==== Data records ====

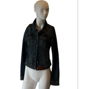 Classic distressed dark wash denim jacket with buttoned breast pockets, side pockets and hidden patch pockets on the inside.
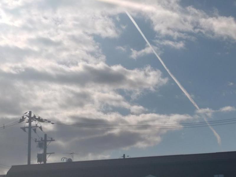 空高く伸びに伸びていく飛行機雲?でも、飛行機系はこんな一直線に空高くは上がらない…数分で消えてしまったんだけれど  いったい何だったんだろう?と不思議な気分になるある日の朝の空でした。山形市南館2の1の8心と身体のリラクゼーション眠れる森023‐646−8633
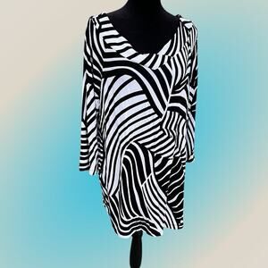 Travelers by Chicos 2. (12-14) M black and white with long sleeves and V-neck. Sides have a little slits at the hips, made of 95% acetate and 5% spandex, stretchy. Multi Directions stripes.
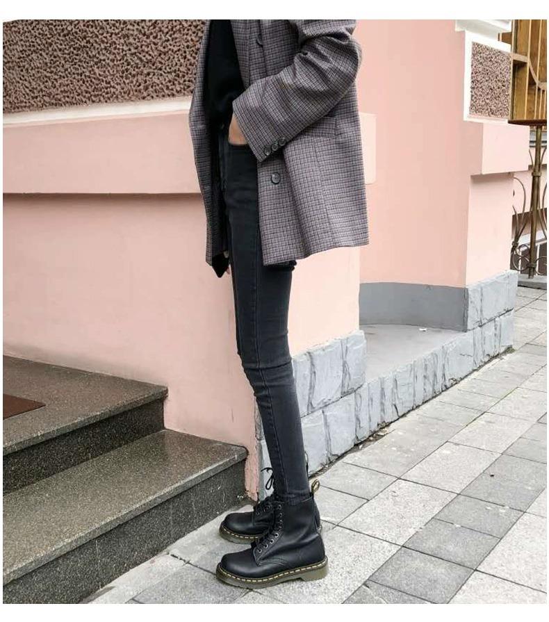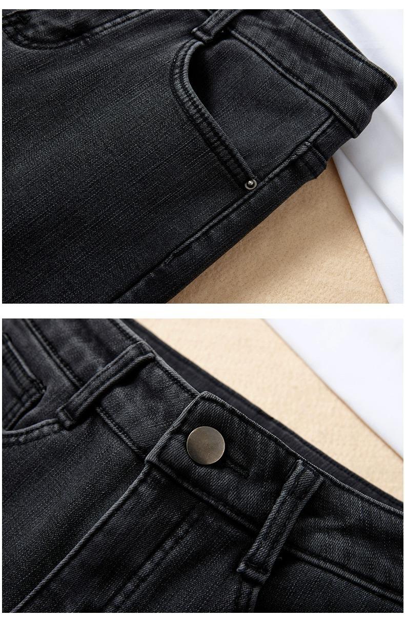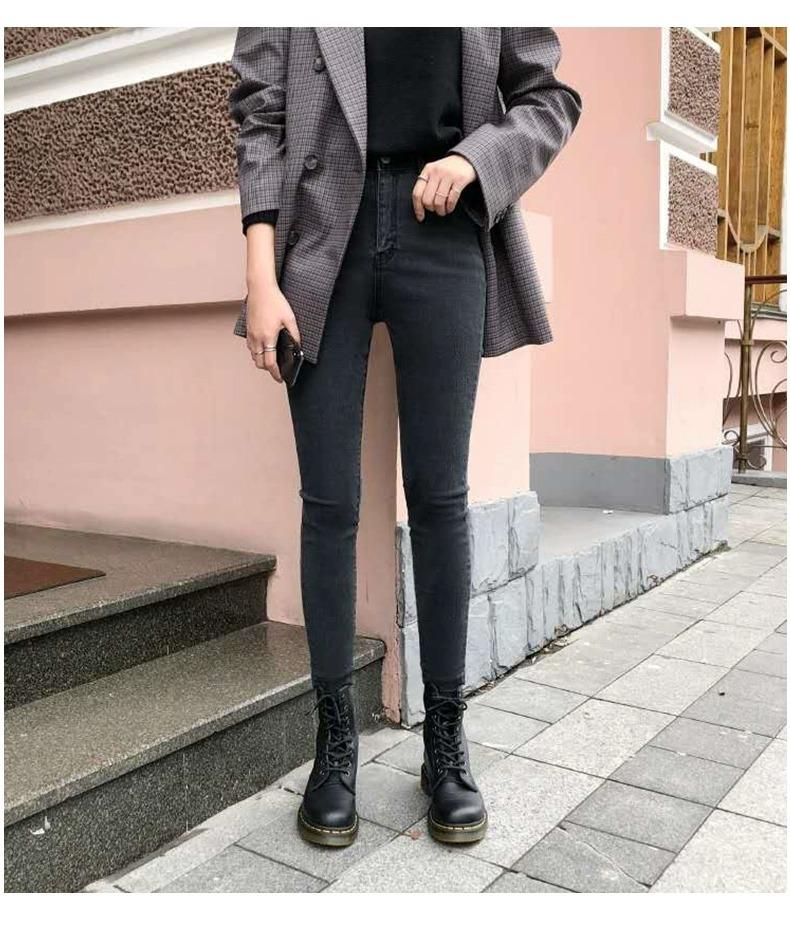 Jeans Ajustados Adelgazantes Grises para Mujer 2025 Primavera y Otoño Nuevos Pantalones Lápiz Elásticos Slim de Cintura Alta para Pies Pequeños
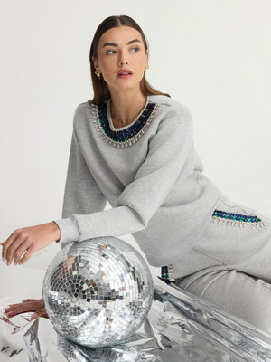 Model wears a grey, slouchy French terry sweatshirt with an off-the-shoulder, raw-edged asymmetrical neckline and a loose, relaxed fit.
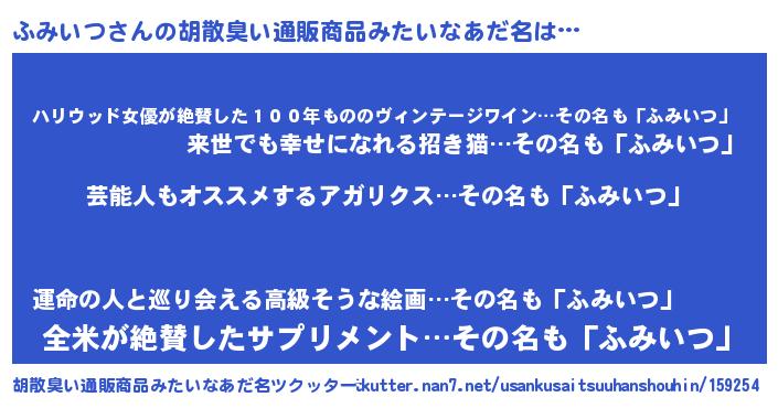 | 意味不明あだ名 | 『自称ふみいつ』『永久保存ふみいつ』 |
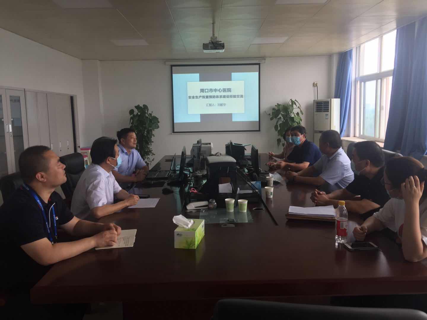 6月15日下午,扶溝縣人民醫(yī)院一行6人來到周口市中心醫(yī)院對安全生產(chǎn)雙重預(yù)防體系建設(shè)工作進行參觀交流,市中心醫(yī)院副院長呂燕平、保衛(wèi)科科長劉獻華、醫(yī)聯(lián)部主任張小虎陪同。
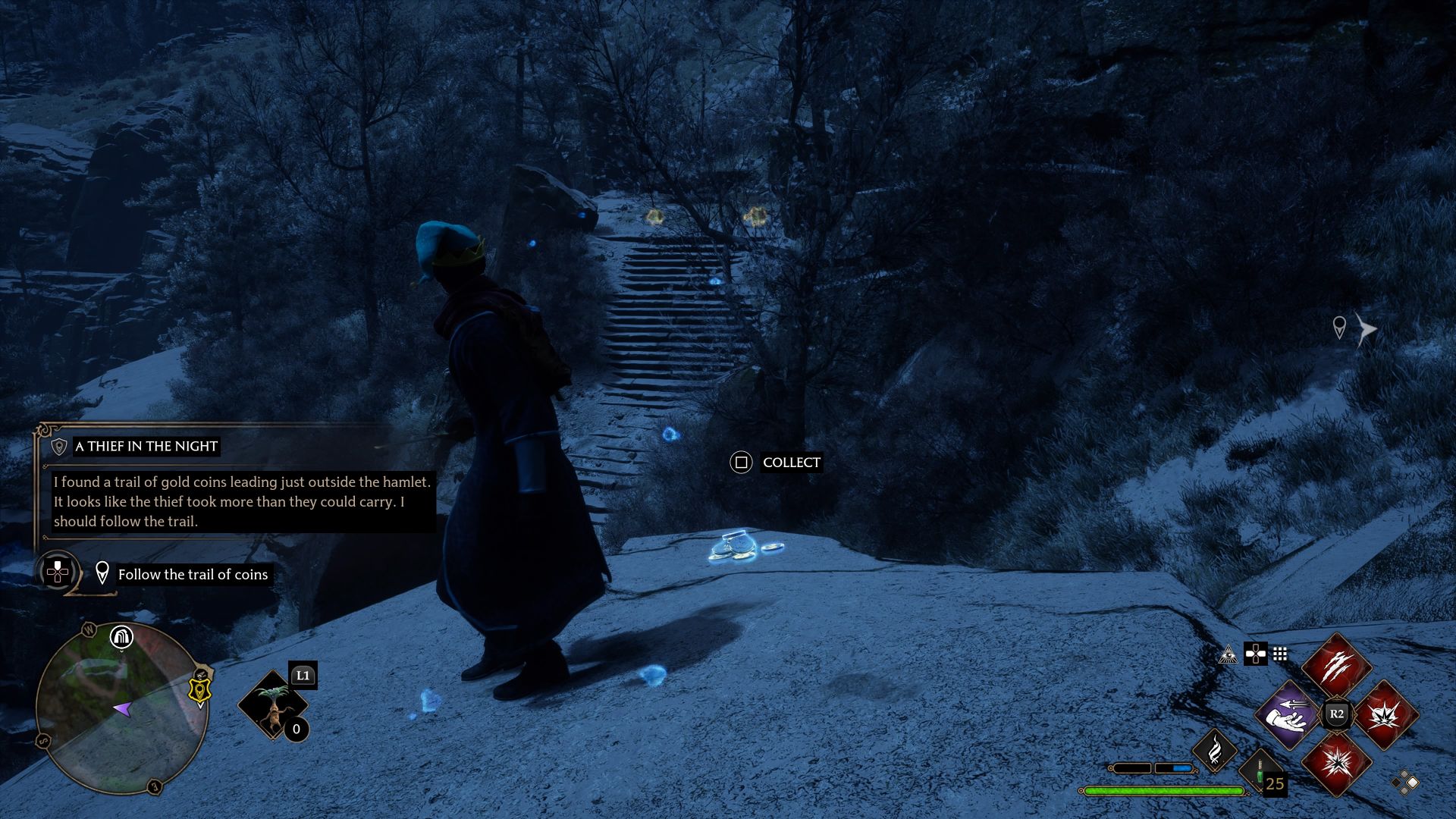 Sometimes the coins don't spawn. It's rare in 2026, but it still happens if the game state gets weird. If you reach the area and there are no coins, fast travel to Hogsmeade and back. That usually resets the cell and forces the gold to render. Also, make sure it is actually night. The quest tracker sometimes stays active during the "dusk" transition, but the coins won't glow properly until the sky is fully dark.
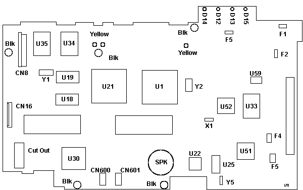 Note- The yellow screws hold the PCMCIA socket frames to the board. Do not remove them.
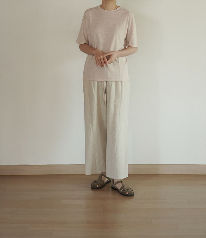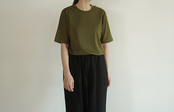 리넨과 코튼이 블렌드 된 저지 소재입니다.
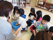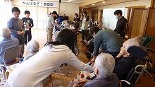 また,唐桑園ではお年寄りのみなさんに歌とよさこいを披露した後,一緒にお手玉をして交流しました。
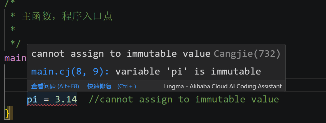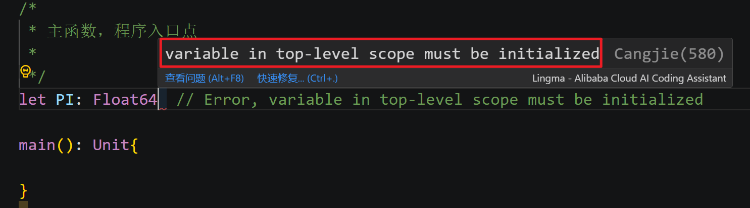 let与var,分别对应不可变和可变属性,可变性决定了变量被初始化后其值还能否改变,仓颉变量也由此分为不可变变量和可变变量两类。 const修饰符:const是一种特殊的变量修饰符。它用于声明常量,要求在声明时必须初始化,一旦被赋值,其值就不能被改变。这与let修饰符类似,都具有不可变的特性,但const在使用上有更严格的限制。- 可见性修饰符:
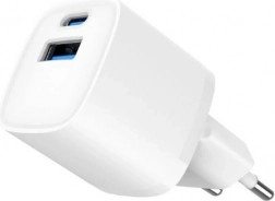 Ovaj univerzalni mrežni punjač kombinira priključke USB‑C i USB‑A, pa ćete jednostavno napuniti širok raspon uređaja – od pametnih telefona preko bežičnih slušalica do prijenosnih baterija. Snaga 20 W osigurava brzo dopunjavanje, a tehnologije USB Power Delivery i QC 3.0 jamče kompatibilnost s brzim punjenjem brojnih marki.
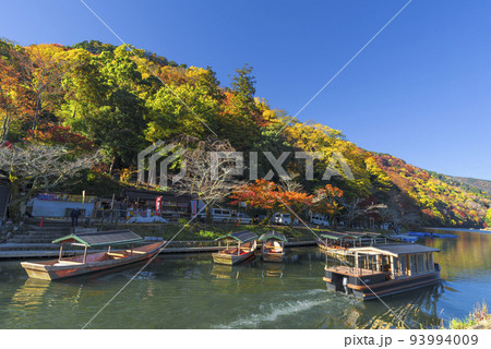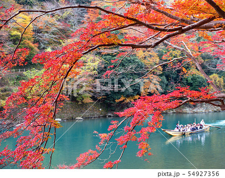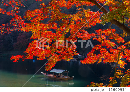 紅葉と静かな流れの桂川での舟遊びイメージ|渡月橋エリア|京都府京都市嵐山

====

Work required: Pictures are to be dropped, and the lines from the line with "Jeans Ajustados Adelgazantes" through the end of the material above are to be reproduced exactly.

Reply to the task:
 Jeans Ajustados Adelgazantes Grises para Mujer 2025 Primavera y Otoño Nuevos Pantalones Lápiz Elásticos Slim de Cintura Alta para Pies Pequeños
 Model wears a grey, slouchy French terry sweatshirt with an off-the-shoulder, raw-edged asymmetrical neckline and a loose, relaxed fit.
 | 意味不明あだ名 | 『自称ふみいつ』『永久保存ふみいつ』 |
 6月15日下午,扶溝縣人民醫(yī)院一行6人來到周口市中心醫(yī)院對安全生產(chǎn)雙重預(yù)防體系建設(shè)工作進行參觀交流,市中心醫(yī)院副院長呂燕平、保衛(wèi)科科長劉獻華、醫(yī)聯(lián)部主任張小虎陪同。
 Sometimes the coins don't spawn. It's rare in 2026, but it still happens if the game state gets weird. If you reach the area and there are no coins, fast travel to Hogsmeade and back. That usually resets the cell and forces the gold to render. Also, make sure it is actually night. The quest tracker sometimes stays active during the "dusk" transition, but the coins won't glow properly until the sky is fully dark.
 Note- The yellow screws hold the PCMCIA socket frames to the board. Do not remove them.
 리넨과 코튼이 블렌드 된 저지 소재입니다.
 また,唐桑園ではお年寄りのみなさんに歌とよさこいを披露した後,一緒にお手玉をして交流しました。
 let与var,分别对应不可变和可变属性,可变性决定了变量被初始化后其值还能否改变,仓颉变量也由此分为不可变变量和可变变量两类。 const修饰符:const是一种特殊的变量修饰符。它用于声明常量,要求在声明时必须初始化,一旦被赋值,其值就不能被改变。这与let修饰符类似,都具有不可变的特性,但const在使用上有更严格的限制。- 可见性修饰符:
 Ovaj univerzalni mrežni punjač kombinira priključke USB‑C i USB‑A, pa ćete jednostavno napuniti širok raspon uređaja – od pametnih telefona preko bežičnih slušalica do prijenosnih baterija. Snaga 20 W osigurava brzo dopunjavanje, a tehnologije USB Power Delivery i QC 3.0 jamče kompatibilnost s brzim punjenjem brojnih marki.
 紅葉と静かな流れの桂川での舟遊びイメージ|渡月橋エリア|京都府京都市嵐山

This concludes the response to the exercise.